Page 10

Story: Jamie (Redcars #2)

The sink creaked beneath our weight. Someone pounded on the door—once, twice—but we ignored it, lost in a haze of anger and need. Jamie’s head fell back to the mirror as I marked his throat, claiming him in ways I had no right to. His legs tightened, drawing me impossibly closer.

“You shouldn’t be here,” I growled. “You have no idea what these people are capable of.”

He laughed, bitter and breathless. “And you do? That’s what scares me.”

His was faster, rougher, and I matched his rhythm. We weren’t making love—we were fighting, still arguing with our bodies instead of words.

The bathroom door rattled again, followed by muffled shouting, and it pulled me back to myself.

“Fuck. Not here,” I muttered, backing away, quickly tucking myself back in and zipping up. Jamie did the same, his movements jerky, cheeks flushed with arousal.

“Killian—"

“Not anywhere! You need to leave. Now.” My voice was steady despite the chaos inside me. “Go out the back exit, don’t talk to anyone or look at anyone. ”

His eyes narrowed. “I’m not leaving you here with Ricardo fucking?—”

“Yes, you are.” I grabbed his shoulders, forcing him to focus. “This isn’t a game, Jamie. These people aren’t the kind you mess with.” I lowered my voice, trying to keep the desperation from showing. “If they see you with me, and they track you back to Redcars, then you’re fucking everything up.

The pounding on the door grew more insistent. “There’s a line out here!”

“Occupied!” I shouted, heard cursing, but the voices grew quieter. “Let me be the smart one here.”

Jamie clenched his jaw, and something dark and conflicted flashed in his eyes. “This isn’t over.”

“It never is,” I muttered, running a hand through my hair.

I cracked the door, checking the hallway. Two drunk girls leaned against the wall, eyes shooting daggers at us. Perfect cover. I grabbed Jamie’s arm, pulling him close one last time.

“Count to thirty after I leave, then go. Don’t look back.”

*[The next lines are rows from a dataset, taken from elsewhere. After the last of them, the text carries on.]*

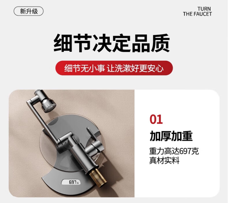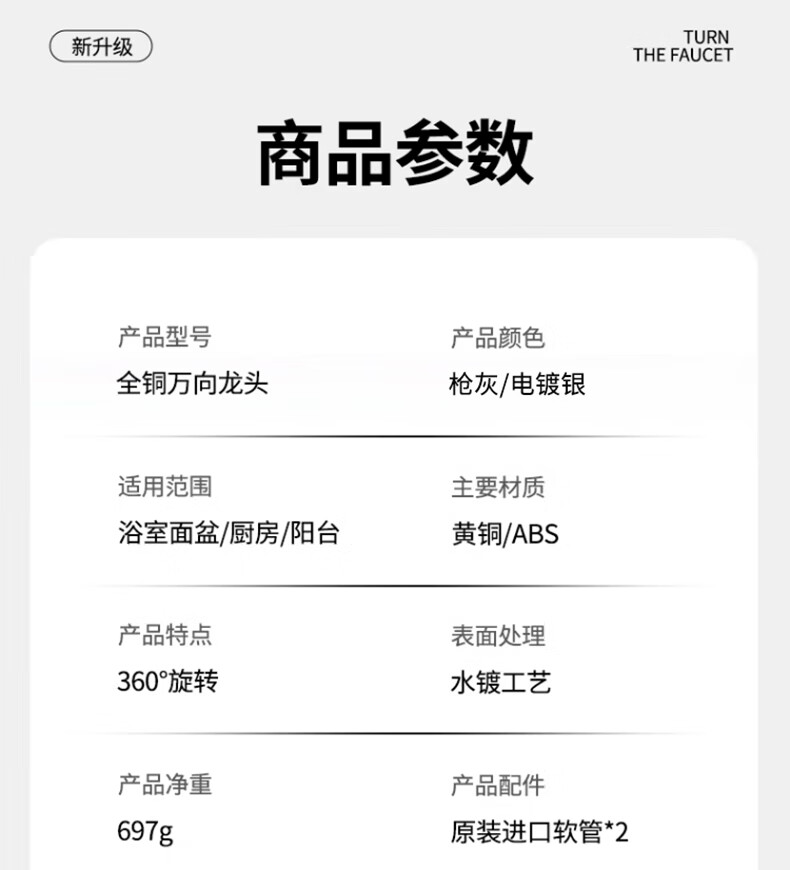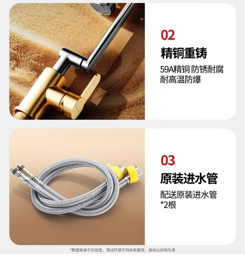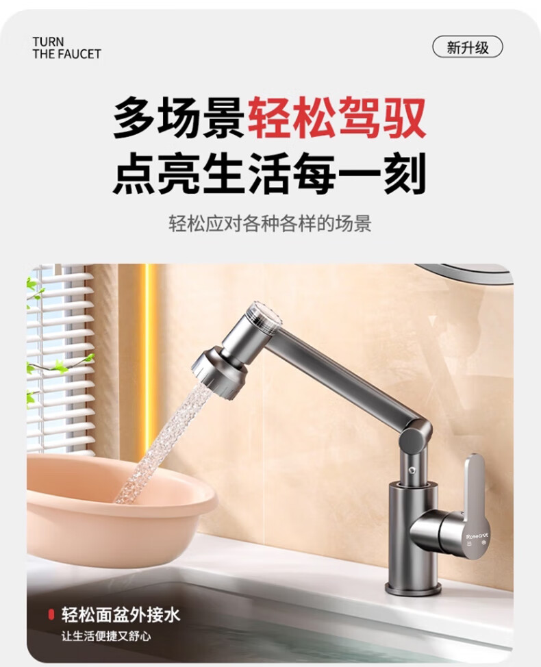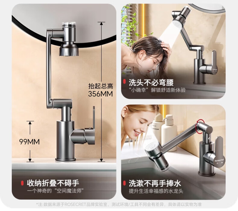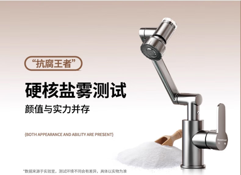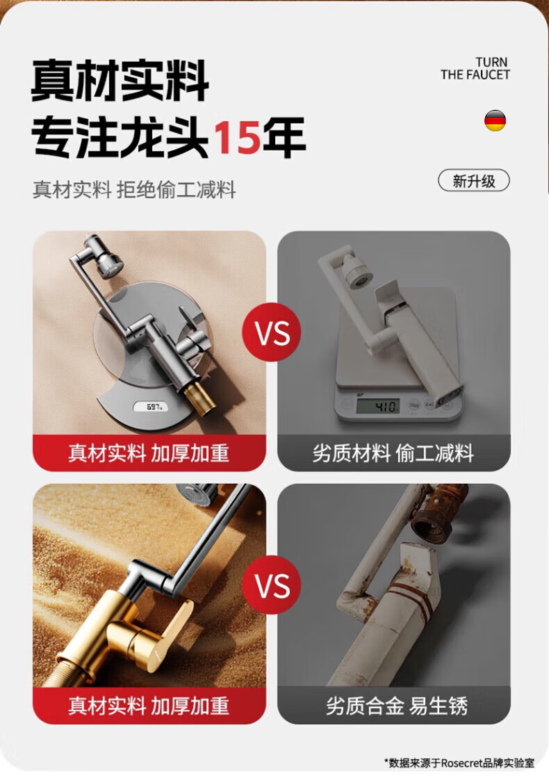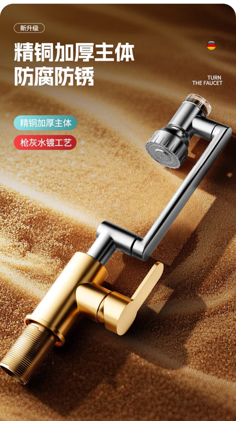 Rosecret【德国】全铜主体洗脸盆水龙头冷热水二合一过滤面盆万向旋转龙头 两档过滤面盆龙头-亮银色 加厚加重丨配80cm冷热进水管*2
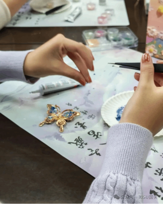 女教职工们欢聚一堂,以传统工艺为媒,亲手制作独一无二的螺钿胸针,为自己献上了一份别具意义的节日礼物。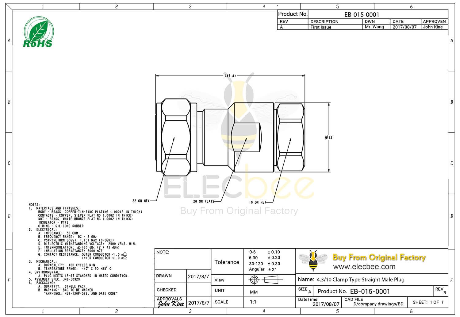 - 电压驻波比DC to 4 GHz 0.015 max. (RL ≥ 36 dB)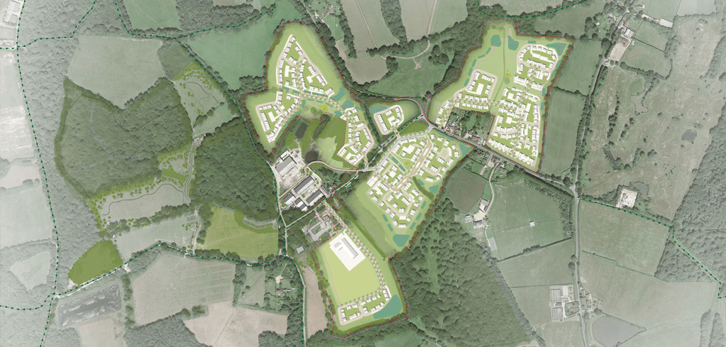The residential scheme, known as ‘Rickmans Green Village’, is set around a mixed use village centre which is the subject of a separate outline application. The village includes a culinary school, a glamping and hospitality development, a rural enterprise centre, and a farm shop.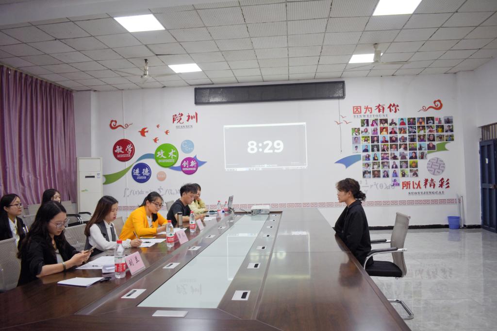 决赛伊始,刘兰老师向参赛选手们介绍了本次决赛的竞聘规则和竞聘流程,并对选手们提出的疑问逐一解答。之后,参赛选手们根据抽签顺序逐一进行单独的限时面试。在面试的过程中,选手们对既定的问题进行阐述,努力展示自己积极向上的精神风貌,流畅的语言表达,以及敏捷的思维。结束后,刘兰老师与参赛选手们进行了交流反馈,分析了整场决赛的各个考察点,肯定了每一位选手的优点,同时也激励每一位选手能得到进一步提高。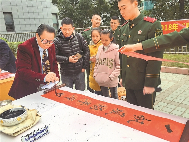 書法家葉自力的“攤位”前人氣也很旺,他主攻“?!弊?。葉自力筆力遒勁,當(dāng)日他書寫的是“智永體”的福字。每每有官兵或家屬過來求字,寫罷,他都善意提醒,“小心點,端平放,小心墨溢出來了?!碑嫾覄⒄窈.嫷哪档ひ埠堋皳屖帧?,供不應(yīng)求。中藝馨書畫院院長黃漢明表示,春節(jié)降至,組織書畫家到軍營里為官兵以及官兵家屬們揮春,既是送祝福也是文化交流?,F(xiàn)場有求字的官兵表示,這樣的活動很好。(記者 劉莎莎 文/圖)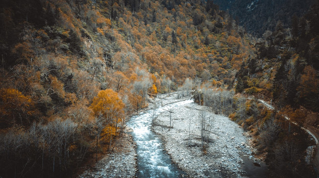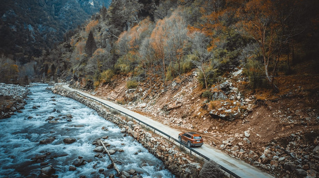 都说318国道上的新都桥秋色很美,其实从新都桥到鱼子西的这条县道更美,并且没有那么多的车流,独享眼前的风景,这种体验才更难得。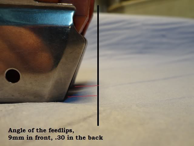 * The 9mm is wider(1/16”) and longer(back-to-front 1/16”) and front feed lip is taller(1/16”)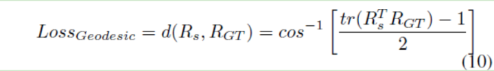 论文的核心创新点就在于geodesic loss的应用。作者说MSE是一个凸函数,能很好地收缩学习过程中的搜索空间,解决常见的陷入局部最优问题。但是MSE并不能准确地表示两个旋转矢量之间的距离,所以为了提高准确度,作者采用了测地距离,也就是单位球面上两个点之间的最短距离。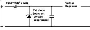 采用PolySwitch器件來取代上述應(yīng)用中的正向?qū)ǘO管(見圖2),提供了包括減少電壓降等多項(xiàng)優(yōu)勢(shì),這是因?yàn)榫酆衔镎郎囟认禂?shù)(PPTC)器件兩端的電壓降一般在0.1V以上。其次,聚合物正溫度系數(shù)(PPTC)器件可對(duì)其他類型的電子部件提供額外的保護(hù)(伴熱、導(dǎo)線、繼電器和固態(tài)部件等)。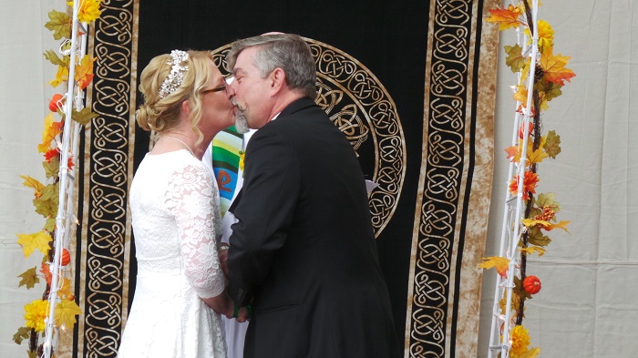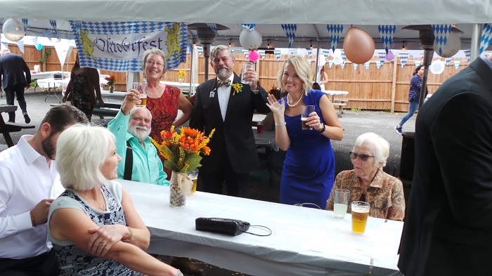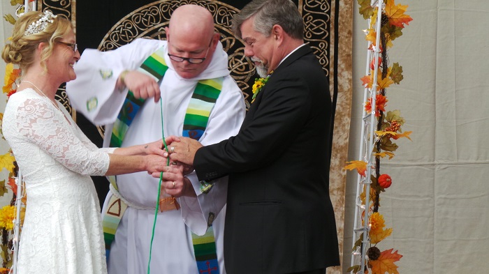 Once together in front of family and friends, Lay Anglican Vicar Michael Williams helped the couple tie the knot, literally, in the Celtic tradition, along with the exchange of rings. From there it was to the tent – NOT that one, the Biergarten food tents and main protection against any untoward elements tent where many a celebratory toast was raised to a match, if musically accompanied by “Hell’s Bells”, certainly made in heaven.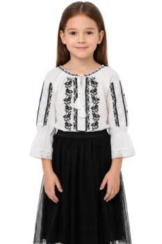 Ie traditionala fetita Claudita – ie alba din bumbac cu broderie neagra Ie traditionala Claudita pentru fetite este o piesa delicata inspirata din autenticitatea portului popular românesc. Realizata din bumbac 100% aceasta ie din bumbac ofera confort lejeritate si respirabilitate fiind ideala pentru evenimente speciale serbari sau tinute traditionale purtate cu mândrie. Broderia neagra inspirata din motivele clasice ale portului popular este dispusa armonios pe partea frontala si pe mâneci conturând un design elegant si expresiv. Contrastul dintre albul curat al materialului si broderia neagra ofera un aer rafinat pastrând în acelasi timp autenticitatea unei ii brodate traditional. Insertiile din dantela de bumbac alb adauga un plus de finete si subliniaza atentia pentru detalii. Mânecile trei sferturi sunt completate de manseta elastica si terminatie tip clopot oferind un aspect fluid si feminin. Închiderea la baza gâtului cu snur si ciucuri albi pastreaza linia traditionala specifica unei ii traditionale fiind în acelasi timp practica si confortabila. Ie traditionala alba Claudita este alegerea potrivita pentru parintii care îsi doresc o ie brodata pentru fetita cu design inspirat din port popular detalii elegante si croi lejer potrivit pentru orice moment special. Caracteristici: Ie traditionala pentru fetitaCuloare: albMaterial: 100% bumbacIe din bumbac material respirabilBroderie neagra inspirata din portul popularInsertii din dantela de bumbac albMâneci trei sferturiManseta elasticaTerminatie mâneca tip clopotÎnchidere la baza gâtului cu snur si ciucuri albiCroi lejer confortabil* Echipa noastra face toate eforturile in a prezenta cat mai bine culorile produselor prezentate pe site insa culorile pot diferi de situatia reala si pot varia în functie de setarile monitorului/dispozitivului dvs!

His fingers caught my wrist, squeezing hard enough to bruise. “What are you doing, Killian?”

“Thirty,” I repeated, maintaining eye contact .

I left and headed back to the bar, catching sight of myself.

I needed to get myself under control. Jamie was a distraction I couldn’t afford right now, not when I was this close to something.

I took a deep breath, straightened my shoulders, and headed back to Ricardo, who was watching the crowd with predatory eyes.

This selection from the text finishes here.